Darling hammers the pub
Chancellor Alistair Darling has dropped a budget bombshell by unveiling a swingeing 4p rise in duty on a pint of beer and pledged to raise duty on alcohol by 2% above inflation for the next four years.
This year, Darling has increased alcohol duty by 6% above the rate of Inflation.
The move will add up 12p to 15p to a pint of beer and ensure beer prices rise by well above inflation for the foreseeable future.
Recent wholesale beer price increases from brewers mean the average print will have jumped in price by 25p since the start of the year. Cider is also up by 3p a litre. Duty on a bottle of wine will increase by 14p and 55p will be added to bottle of spirits. Darling said that the average price of a bottle of wine in the supermarket had dropped since 1997 from £4.45 to £4.
Rob Hayward, British Beer & Pub Association (BBPA) chief executive, said: "Government is punishing all beer drinkers rather than tackling the minority of drunken hooligans. But Government tax policy is fuelling Britain¹s binge drink problem by driving people away from beer, out of the pub into the arms of the deep discounting supermarkets."

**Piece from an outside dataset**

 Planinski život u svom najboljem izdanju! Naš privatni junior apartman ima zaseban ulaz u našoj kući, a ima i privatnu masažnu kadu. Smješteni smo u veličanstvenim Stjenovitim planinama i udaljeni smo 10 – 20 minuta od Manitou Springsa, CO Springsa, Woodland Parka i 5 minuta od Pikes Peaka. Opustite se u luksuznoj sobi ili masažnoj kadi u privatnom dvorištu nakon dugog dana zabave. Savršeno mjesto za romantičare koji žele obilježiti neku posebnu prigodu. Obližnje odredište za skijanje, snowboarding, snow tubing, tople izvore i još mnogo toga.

"They don't pay beer duty and don't allow brewers to pass it on, so their rock bottom prices will remain unaffected by this tax hike." He added: "The millions of people who enjoy beer have just been hit by a £50.5 million a month tax raid on their family budgets."
By aiming a tax hike at beer, the Chancellor is shooting himself in the foot. Treasury revenues will continue to fall, pubs will continue to close and beer sales sink further.

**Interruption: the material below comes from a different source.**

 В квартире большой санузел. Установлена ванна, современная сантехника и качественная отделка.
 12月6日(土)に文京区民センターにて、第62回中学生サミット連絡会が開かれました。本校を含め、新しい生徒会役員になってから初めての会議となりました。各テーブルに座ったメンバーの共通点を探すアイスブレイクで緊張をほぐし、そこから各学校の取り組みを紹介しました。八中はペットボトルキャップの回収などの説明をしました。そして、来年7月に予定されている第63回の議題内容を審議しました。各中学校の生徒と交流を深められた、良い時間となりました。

Every single day, the Treasury is losing over £1 million in beer taxes and four pubs are closing.
People are now drinking 1 million fewer pints a day compared with last year. That trend will continue.

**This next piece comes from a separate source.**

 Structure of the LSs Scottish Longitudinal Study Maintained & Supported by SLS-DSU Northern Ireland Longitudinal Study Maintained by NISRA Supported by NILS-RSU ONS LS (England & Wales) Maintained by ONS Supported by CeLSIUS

"It¹s a decision doomed to failure bad for taxpayers, beer, pubs and bad for the Treasury as well." Opposition leader David Cameron said his party would have targeted duty increases to decrease binge-drinking.
John Ellis of the Crown Inn, a freehold wet-only pub in Oakengates, Shropshire, said: "It's a binge drinkers budget, he rattled through it very fast and all he could talk about was the price of wine in supermarkets - they're going to punish responsible drinkers. Supermarkets will continue to sell at below cost price despite this measure - it's the on-trade, which provides a safe and responsible drinking atmosphere, that's going to be hit. The government is promoting unsupervised drinking, it¹s as simple as that. Every facet of the trade needs to come together and fight or this is the beginning of the end for the British pub."